**Your assignment:** Beginning with the line that has "また、ショートカット画面でも" and ending with the line that has "A rustic vineyard", retype the entries below exactly, except for the pictures.

**Records shown:**

..............................

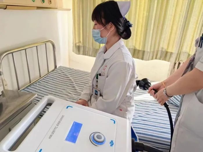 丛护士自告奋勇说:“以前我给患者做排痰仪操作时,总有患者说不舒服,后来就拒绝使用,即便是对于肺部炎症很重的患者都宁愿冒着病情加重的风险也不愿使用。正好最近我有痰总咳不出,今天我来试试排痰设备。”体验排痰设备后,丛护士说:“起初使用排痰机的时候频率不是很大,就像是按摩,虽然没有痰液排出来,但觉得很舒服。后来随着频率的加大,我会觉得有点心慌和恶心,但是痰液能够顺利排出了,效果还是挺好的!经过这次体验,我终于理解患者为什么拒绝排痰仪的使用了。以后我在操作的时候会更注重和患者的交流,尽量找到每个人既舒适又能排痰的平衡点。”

..............................

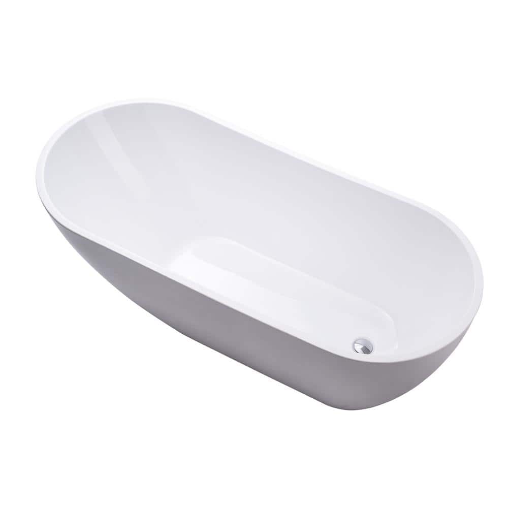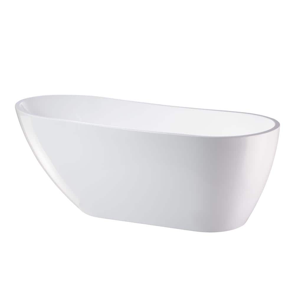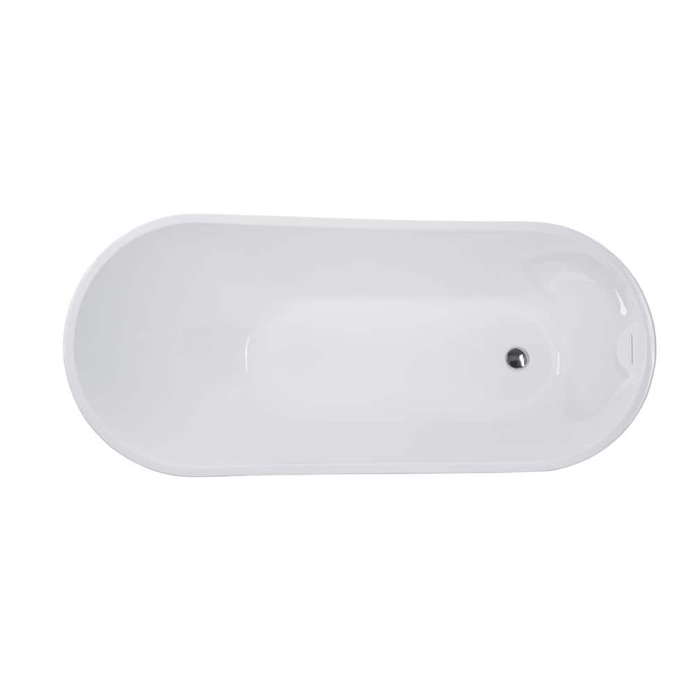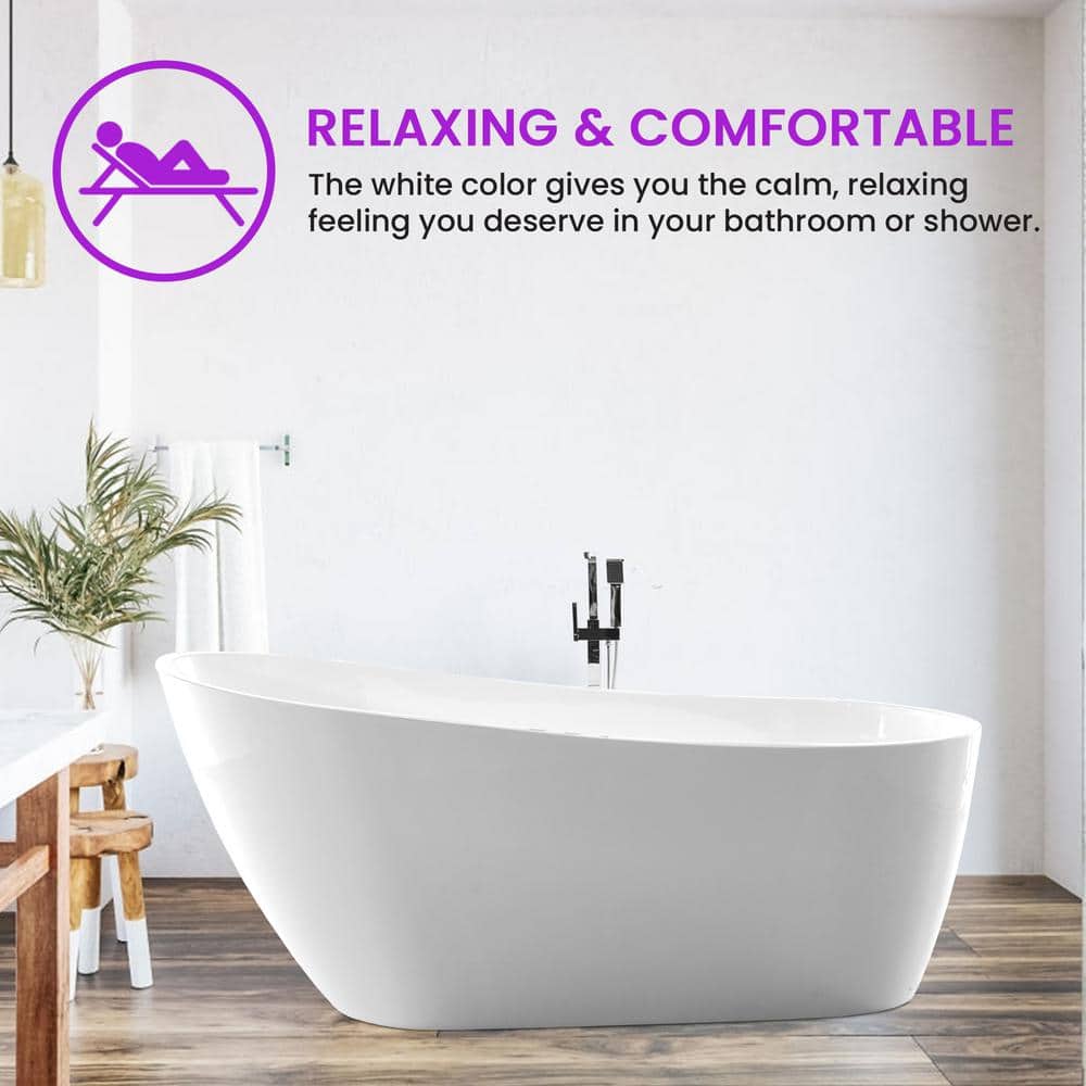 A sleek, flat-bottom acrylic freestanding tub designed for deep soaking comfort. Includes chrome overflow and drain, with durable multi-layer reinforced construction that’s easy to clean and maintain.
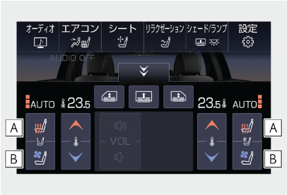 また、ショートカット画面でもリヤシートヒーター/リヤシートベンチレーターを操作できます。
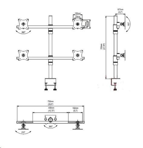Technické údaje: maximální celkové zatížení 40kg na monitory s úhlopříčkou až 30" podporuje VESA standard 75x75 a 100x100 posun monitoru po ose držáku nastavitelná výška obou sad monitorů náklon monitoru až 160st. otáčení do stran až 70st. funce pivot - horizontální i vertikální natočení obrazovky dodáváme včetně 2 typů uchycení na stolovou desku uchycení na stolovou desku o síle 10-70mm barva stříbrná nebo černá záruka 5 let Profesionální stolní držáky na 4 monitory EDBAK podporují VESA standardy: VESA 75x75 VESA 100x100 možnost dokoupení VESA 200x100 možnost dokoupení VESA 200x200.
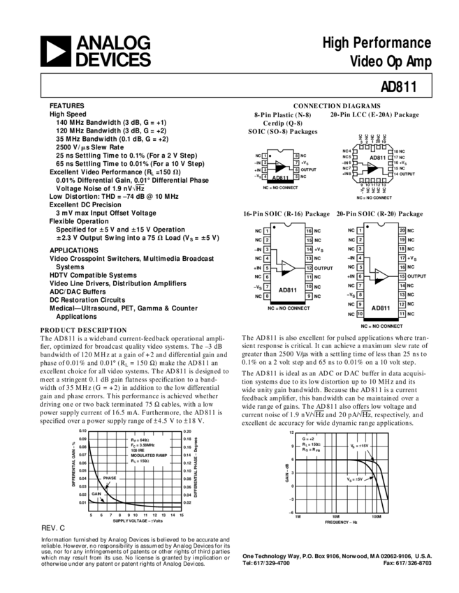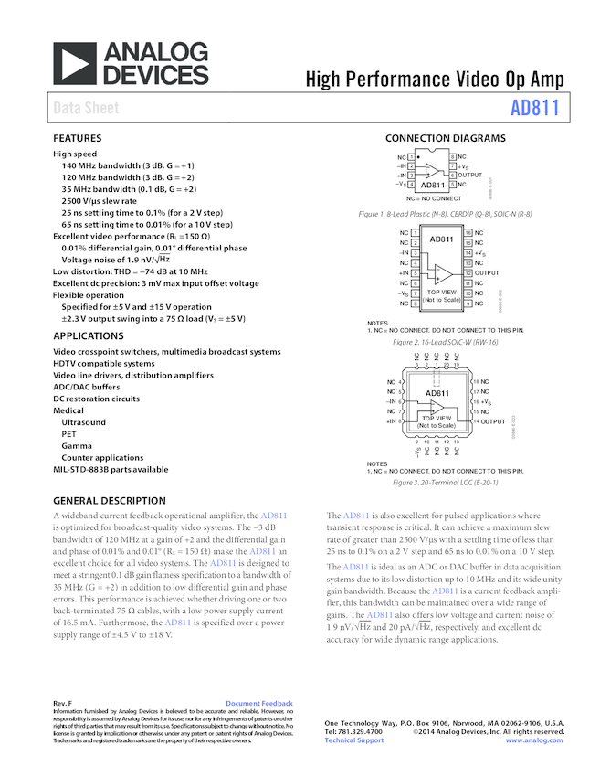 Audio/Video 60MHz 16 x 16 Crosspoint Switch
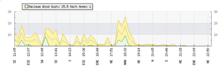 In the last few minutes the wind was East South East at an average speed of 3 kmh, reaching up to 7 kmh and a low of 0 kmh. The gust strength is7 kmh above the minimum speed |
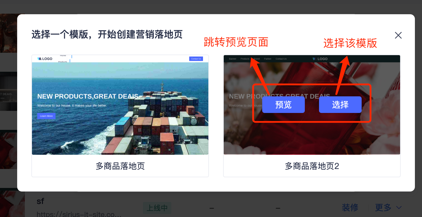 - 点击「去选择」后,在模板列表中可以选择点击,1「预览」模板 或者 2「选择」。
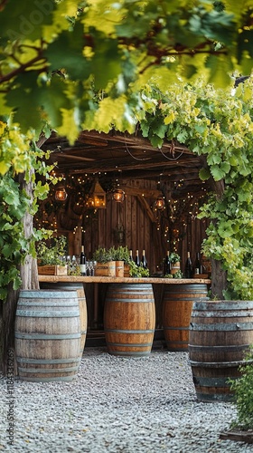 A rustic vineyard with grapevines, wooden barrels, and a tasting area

..............................

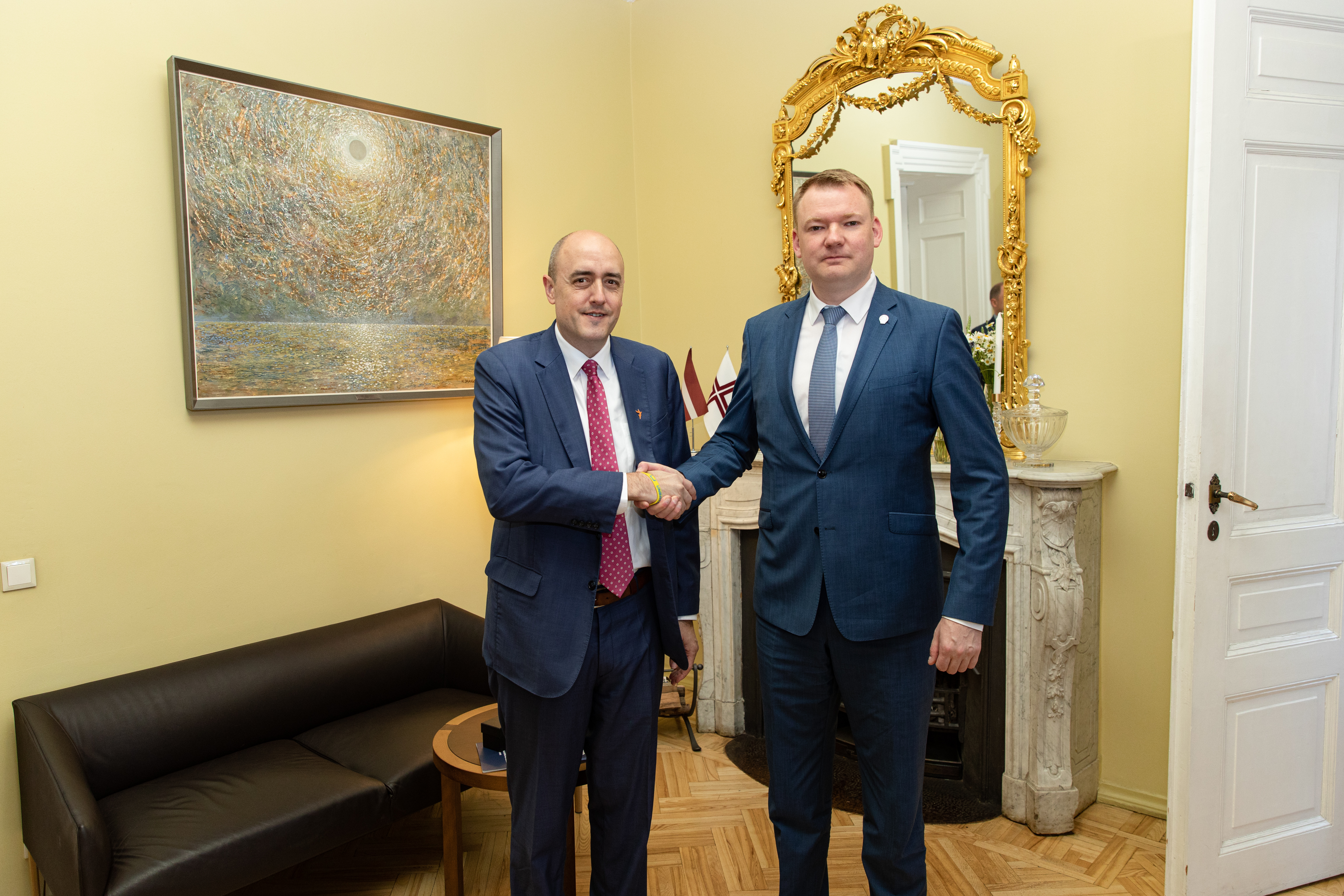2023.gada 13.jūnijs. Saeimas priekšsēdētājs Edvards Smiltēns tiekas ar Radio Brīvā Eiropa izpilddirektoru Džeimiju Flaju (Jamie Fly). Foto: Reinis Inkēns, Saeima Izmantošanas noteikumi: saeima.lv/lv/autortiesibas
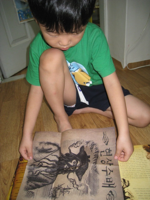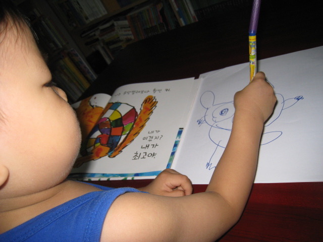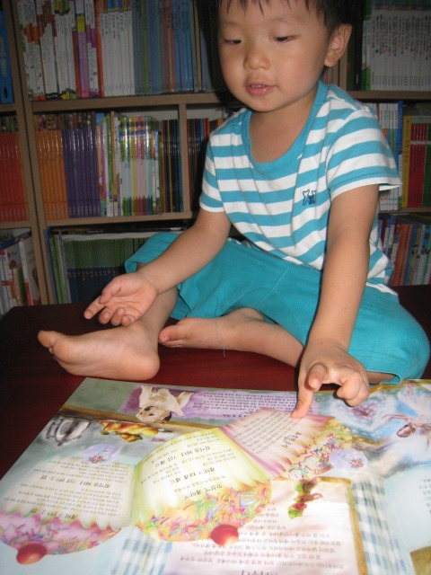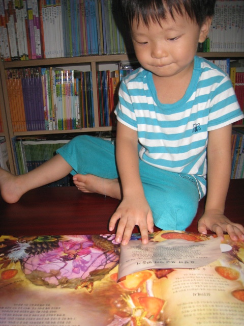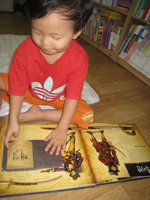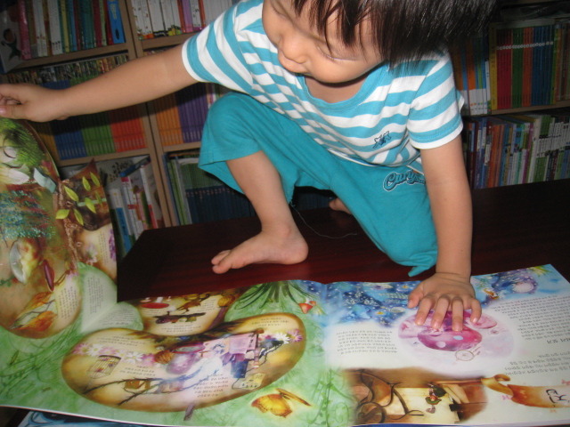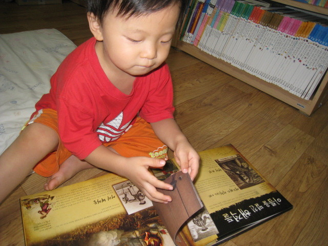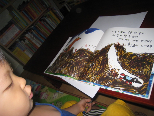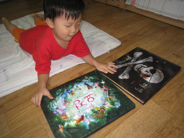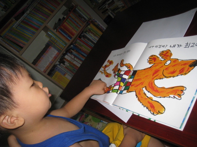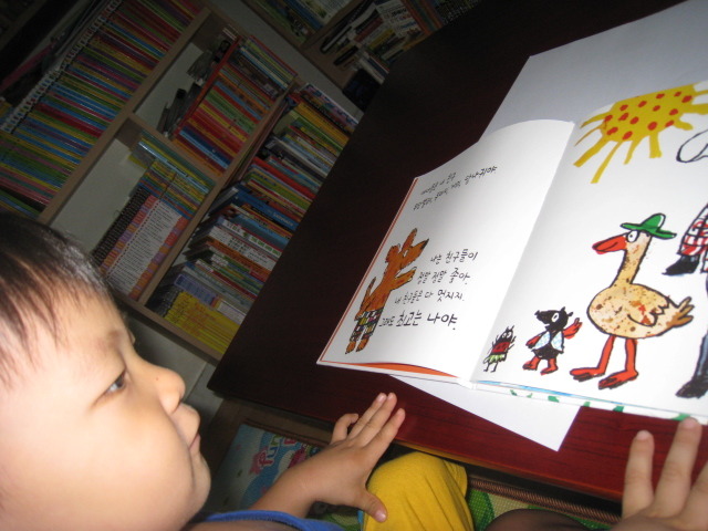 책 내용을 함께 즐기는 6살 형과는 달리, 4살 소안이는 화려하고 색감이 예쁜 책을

..............................

**Response to this exercise:**
 また、ショートカット画面でもリヤシートヒーター/リヤシートベンチレーターを操作できます。
Technické údaje: maximální celkové zatížení 40kg na monitory s úhlopříčkou až 30" podporuje VESA standard 75x75 a 100x100 posun monitoru po ose držáku nastavitelná výška obou sad monitorů náklon monitoru až 160st. otáčení do stran až 70st. funce pivot - horizontální i vertikální natočení obrazovky dodáváme včetně 2 typů uchycení na stolovou desku uchycení na stolovou desku o síle 10-70mm barva stříbrná nebo černá záruka 5 let Profesionální stolní držáky na 4 monitory EDBAK podporují VESA standardy: VESA 75x75 VESA 100x100 možnost dokoupení VESA 200x100 možnost dokoupení VESA 200x200.
 Audio/Video 60MHz 16 x 16 Crosspoint Switch
 In the last few minutes the wind was East South East at an average speed of 3 kmh, reaching up to 7 kmh and a low of 0 kmh. The gust strength is7 kmh above the minimum speed |
 - 点击「去选择」后,在模板列表中可以选择点击,1「预览」模板 或者 2「选择」。
 A rustic vineyard with grapevines, wooden barrels, and a tasting area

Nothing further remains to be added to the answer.